According to Vandenabeele, Bupa has been investing in its mental health services for its UK health insurance customers, including cover for more conditions, ongoing support for longer term conditions and further support to families who are worried about their child's mental wellbeing through its Family Mental HealthLine.
He continued: "Teenage behaviour is often filled with highs and lows so sometimes it may be difficult for parents to distinguish between this and symptoms of mental ill-heath. Particularly at a time of such uncertainty, with further lockdown restrictions expected, and many returning to school.
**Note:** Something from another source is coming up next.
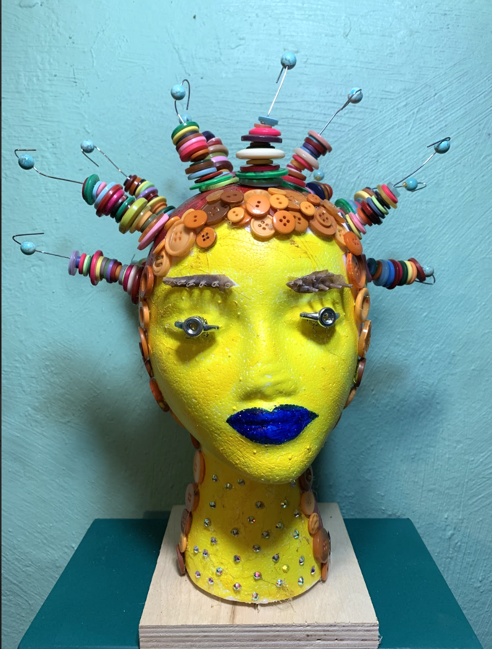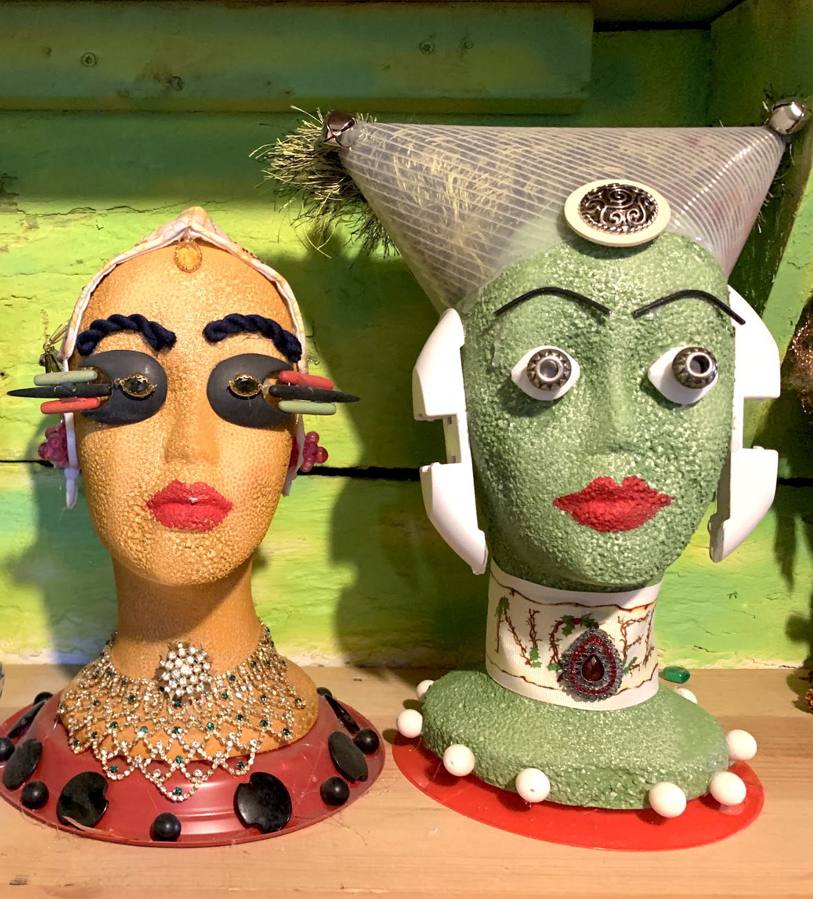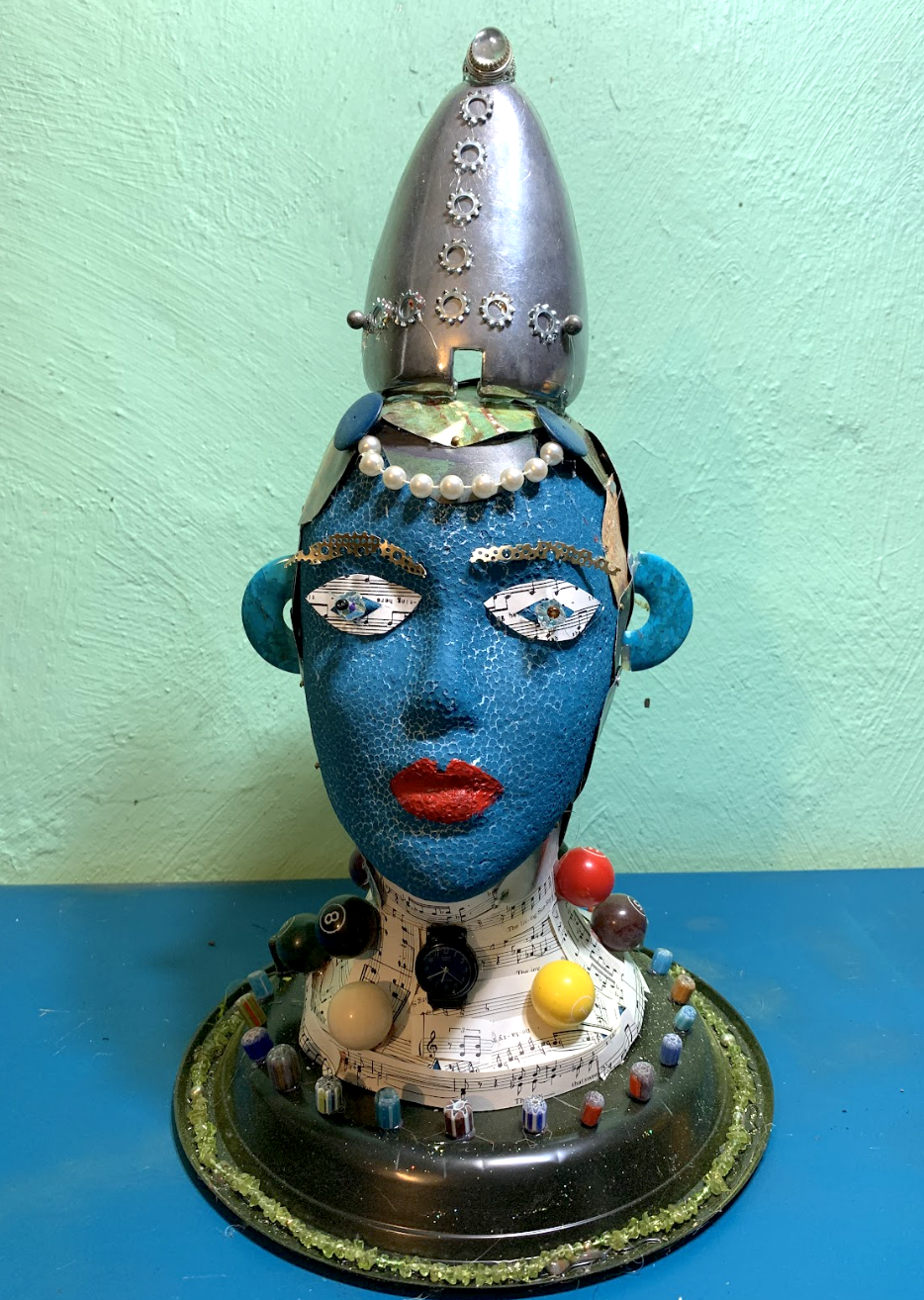 These heads are the epitome of upcycling. With the exception of the head itself, all of the attached pieces are from found objects, every day household items, and trash. The heads are an expression of ways to use things more than once, while serving as a source of entertainment in their making. Reusing every day items gives one a new perspective on every day, functional objects, and how they can be transformed in a creative way.

Our advice to parents is to stay vigilant for warning signs of something more serious affecting your child. Are they showing signs of regular low mood or physical symptoms like weight loss or gain or lethargy? And how long has it been going on for?
"If your child is struggling and you've noticed it persisting for more than two weeks, starting a conversation with them is the first step. It is also important to recognise when to seek medical help. Early diagnosis can lead to a better long-term prognosis for mental health conditions, which can help your teenager and your family return to their ‘normal' as soon as they can."
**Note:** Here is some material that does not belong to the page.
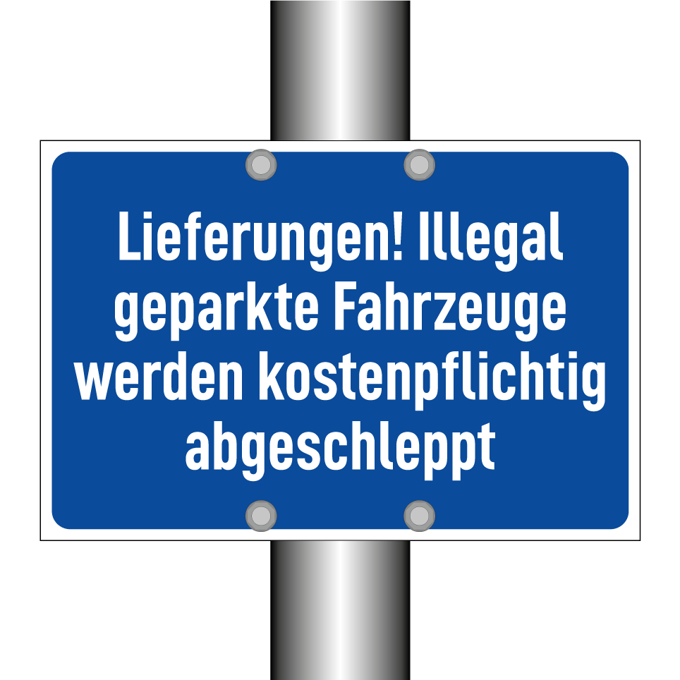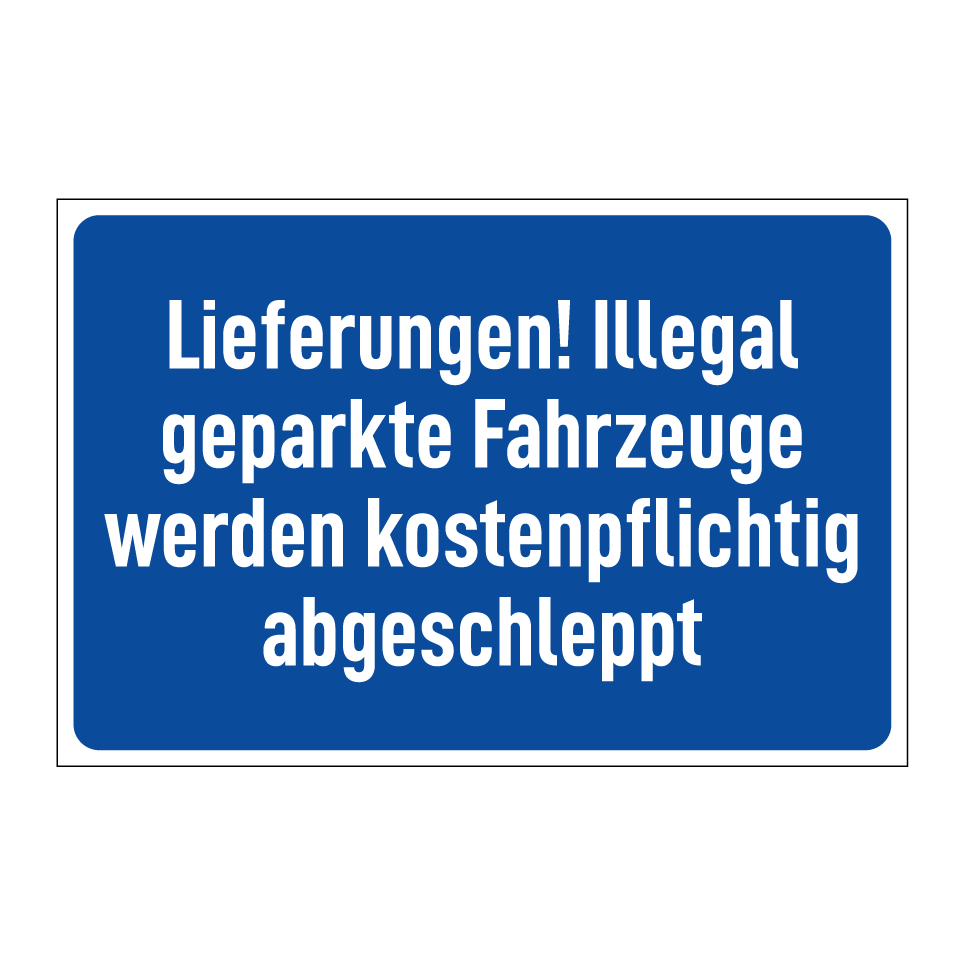 Parkschild mit dem Text Lieferungen! Illegal geparkte Fahrzeuge werden kostenpflichtig abgeschleppt

‘Start an open conversation'
Dr Lucy Foulkes, Teen Psychologist, said: "The Covid-19 pandemic has been incredibly difficult for many teenagers so it's understandable that this has taken a toll on their mental and physical health. From this research, it's particularly useful and important to learn about coping mechanisms. Some young people might be coping in unhealthy ways - such as by restricting eating or self-harming - and if parents are concerned, they should start an open conversation about it and seek professional advice if needed.
"It's encouraging to note that many young people are coping in positive ways - like exercising, spending time with friends (sometimes online), and taking up new hobbies. The pandemic could therefore be an opportunity to check in with teenagers and have a discussion about helpful and unhelpful ways of looking after yourself during periods of stress and difficulty."
Stephen Buckley, head of Information at Mind added: "At Mind we've seen a huge increase in young people telling us about mental health issues - this group has been hit with some of the biggest changes to their normal lives, as well as a lack of agency or ability to make decisions for themselves.
"So it's encouraging to see that many parents are planning to address these issues and have important mental health conversations with their children. I'd encourage parents to take the lead in this, as we all know that teenagers can be reticent, or may not have the words, to say how they really feel. But by making these conversations feel normal and everyday, we can help make sure that those who need help receive it."